Quando cantamos uma canção, podemos perceber que algumas sílabas duram mais tempo que outras. Também fazemos pausas, isto é, silêncios de diferentes durações.

As durações das notas e das pausas são representadas pelos valores rítmicos ou figuras: da semibreve (de maior duração - tomada como unidade nesta divisão proporcional dos valores) à semifusa (menor duração).

Semibreves:


Mínima:


Semínima:


Colcheia:


Semicolcheia:


Vamos imaginar que estes retângulos correspondem a durações em minutos e segundos. Analise a divisão proporcional destes valores: se o retângulo maior valer 1 minuto, isto significa que a semibreve que está dentro dele soará durante 1 minuto. Portanto, a mínima, que vale a metade da semibreve, irá durar 30 segundos. Continuando a relação de metade-dobro: cada semínima deverá soar 15 segundos; cada colcheia 7 segundos e meio; cada semicolcheia 3,75 segundos.

Com estas figuras (valores), e as relações estabelecidas entre elas, escrevemos o ritmo de qualquer música.

Pulso
Pegue o seu pulso e sinta as pulsações.
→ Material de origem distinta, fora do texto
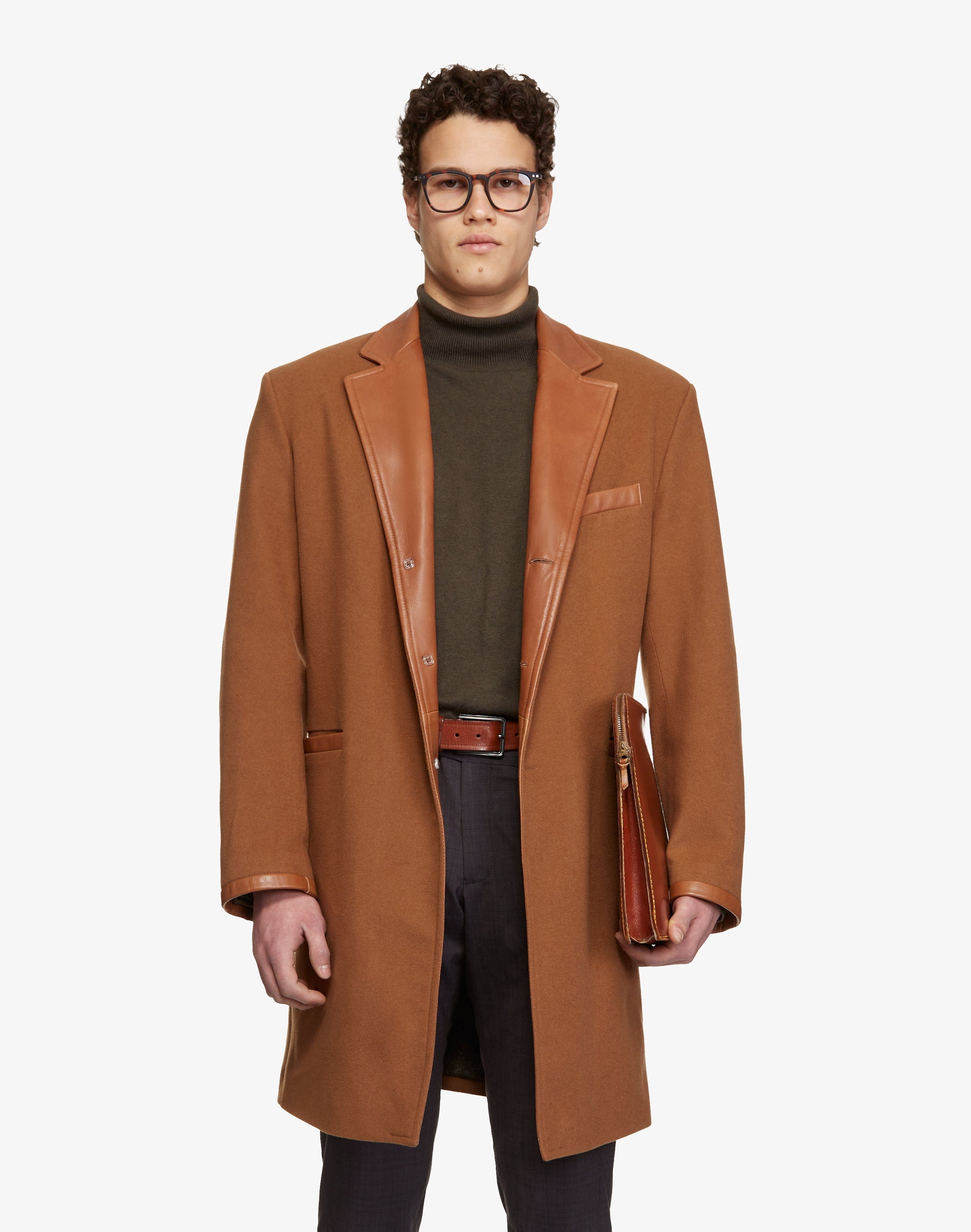 Discover the VAULT coat, crafted from 100% Italian cashmere for unparalleled softness and warmth. It features a discreet lambskin leather lapel collar, leather tabs at the cuffs, and meticulous finishing. This blend of brown lambskin and cashmere creates a refined contrast for a contemporary and timeless look. With its brown exterior and sumptuous black silk lining, this coat perfectly combines style and comfort.

Elas mantêm uma constância e uma regularidade. Em música acontece o mesmo. As combinações rítmicas (células rítmicas) de uma música têm sempre como referência, explícita ou implícita, uma pulsação rítmica constante e regular. Esta sucessão de pulsações regulares são os tempos.

Compasso - métrica
Esta série de pulsações, isto é, de tempos de mesma duração, podem ser agrupados dois a dois, três a três, quatro a quatro. Estes são os agrupamentos mais comuns na música ocidental seja popular, folclórica, ou na chamada música clássica. Entretanto, em outras culturas, como nas músicas tradicionais do Oriente e da África, são comuns outros agrupamentos. Estes agrupamentos de tempos são o que chamamos de compassos. O primeiro tempo é sempre um pouco mais forte. Em música dizemos, mais acentuado. Estes acentos são um fator importantíssimo e essencialmente musical.

Em uma música, quando os compassos são agrupados de dois em dois tempos, dizemos que a música está no compasso Binário. De três em três, Ternário. De quatro em quatro, Quaternário.
Por exemplo: marcha, baião, tango e samba são binários. A maior parte das cantigas de roda também.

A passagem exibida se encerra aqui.